BRIEF DESCRIPTION OF DRAWINGS
[0017] FIG. 1 is a block diagram illustrating an image processing
system that implements the successively refinable feature
descriptor quantization techniques described in this
disclosure.
[0018] FIG. 2 is a block diagram illustrating a feature compression
unit of FIG. 1 in more detail.
[0019] FIG. 3 is a block diagram illustrating a feature
reconstruction unit of FIG. 1 in more detail.
[0020] FIG. 4 is a flowchart illustrating exemplary operation of a
visual search client device in implementing the successively
refinable feature descriptor quantization techniques described in
this disclosure.
[0021] FIG. 5 is a flowchart illustrating exemplary operation of a
visual search server in implementing the successively refinable
feature descriptor quantization techniques described in this
disclosure.
[0022] FIG. 6 is a diagram illustrating a process by which a
feature extraction unit determines a difference of Gaussian (DoG)
pyramid for use in performing keypoint extraction.
[0023] FIG. 7 is a diagram illustrating detection of a keypoint
after determining a difference of Gaussian (DoG) pyramid.
[0024] FIG. 8 is a diagram illustrating the process by which a
feature extraction unit determines a gradient distribution and an
orientation histogram.
[0025] FIGS. 9A, 9B are graphs depicting feature descriptors and
reconstruction points determined in accordance with the techniques
described in this disclosure.
[0026] FIG. 10 is a time diagram illustrating latency with respect
to a system that implements the techniques described in this
disclosure.
DETAILED DESCRIPTION
[0027] In general, this disclosure describes techniques for
performing visual search in a network environment that includes a
mobile, portable or other power-conscious device that may be
referred to as a "client device" and a visual search server.
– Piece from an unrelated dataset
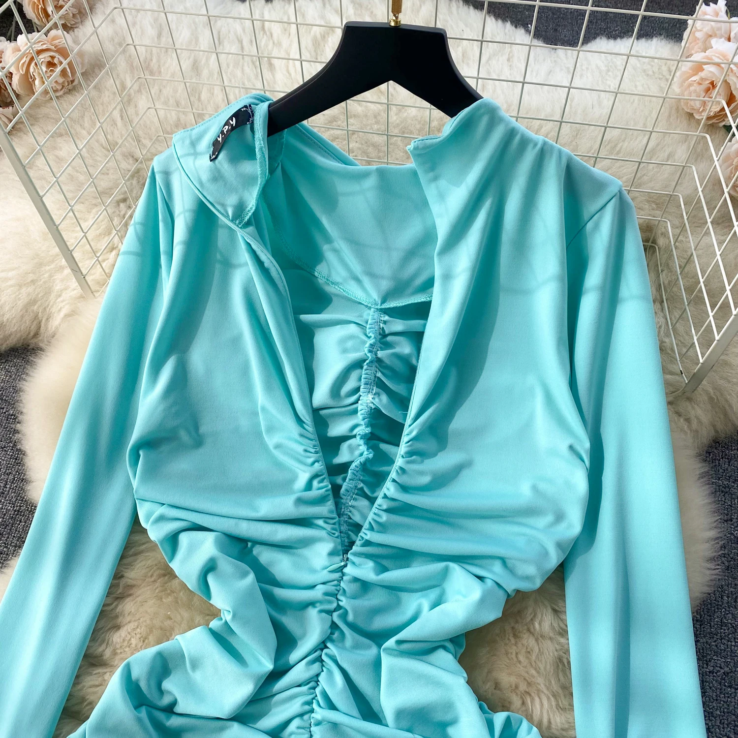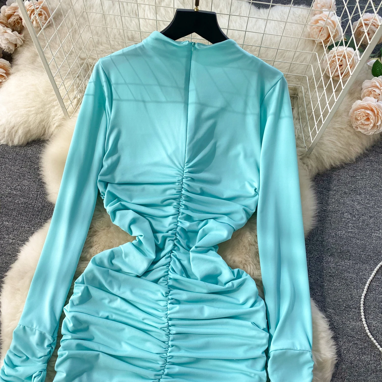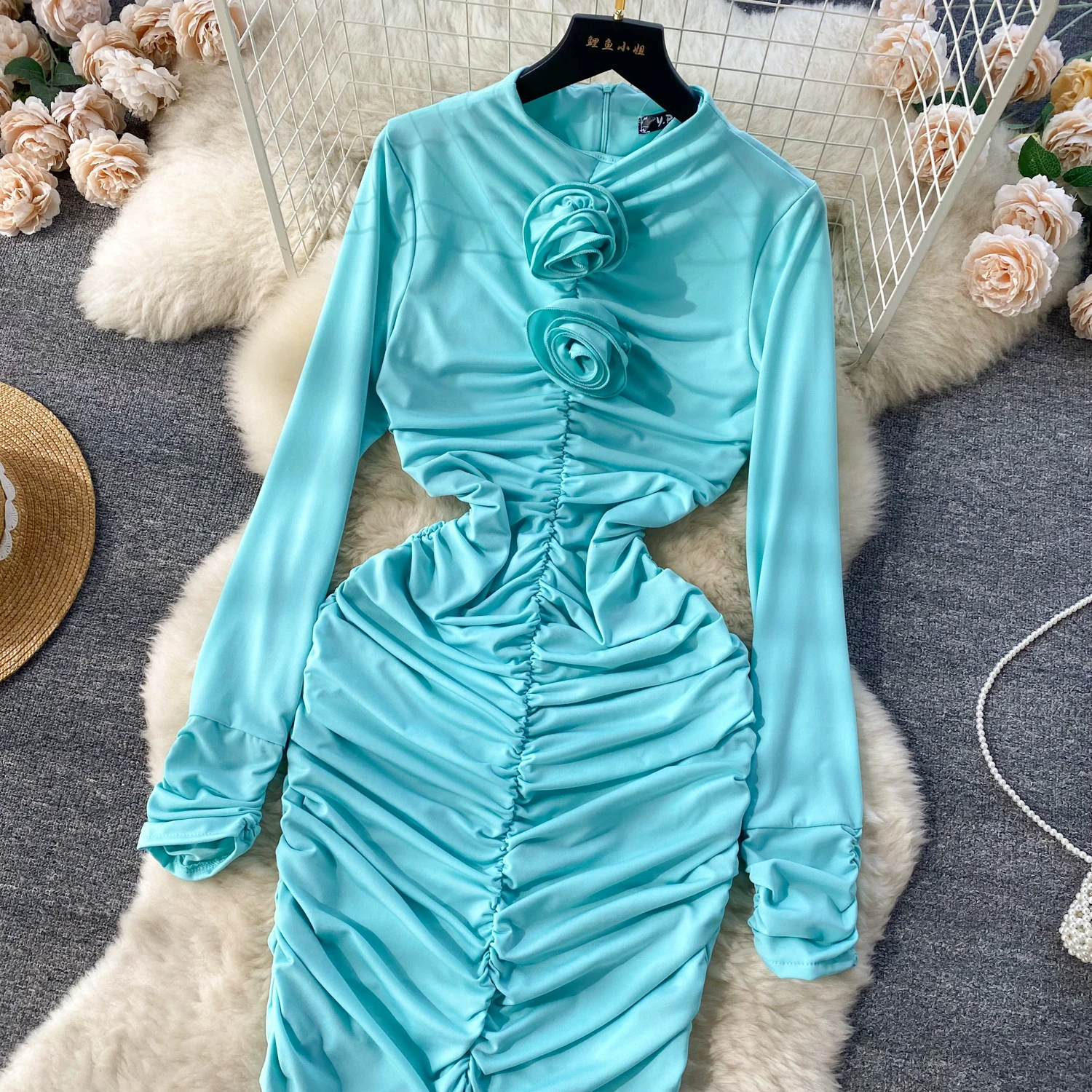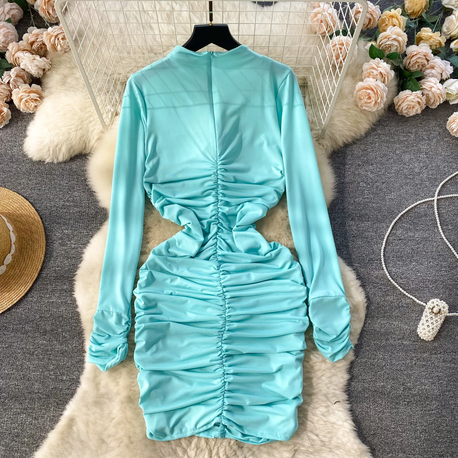 Retro Blue Bodycon Pleated Dress Women Long Sleeved Gray Dresses Women Autumn Black Sexy Club Dress Festival Night Party Dresses

Rather
than send an image in its entirety to the visual search server, the
client device locally performs feature extraction to extract
features from an image stored on the client device in the form of
so-called "feature descriptors." In a number of instances, these
feature descriptors comprise histograms. In accordance with the
techniques described in this disclosure, the client device may
quantize these feature descriptors (which, again are often in the
form of a histogram) in a successively refinable manner. In this
way, the client device may initiate a visual search based on
feature descriptors quantized at a first, coarse quantization
level, while refining the quantization of the feature descriptors
should the visual search require additional information regarding
this feature descriptors. As a result, some amount of parallel
processing may occur as the client device and the server may both
work concurrently to perform the visual search.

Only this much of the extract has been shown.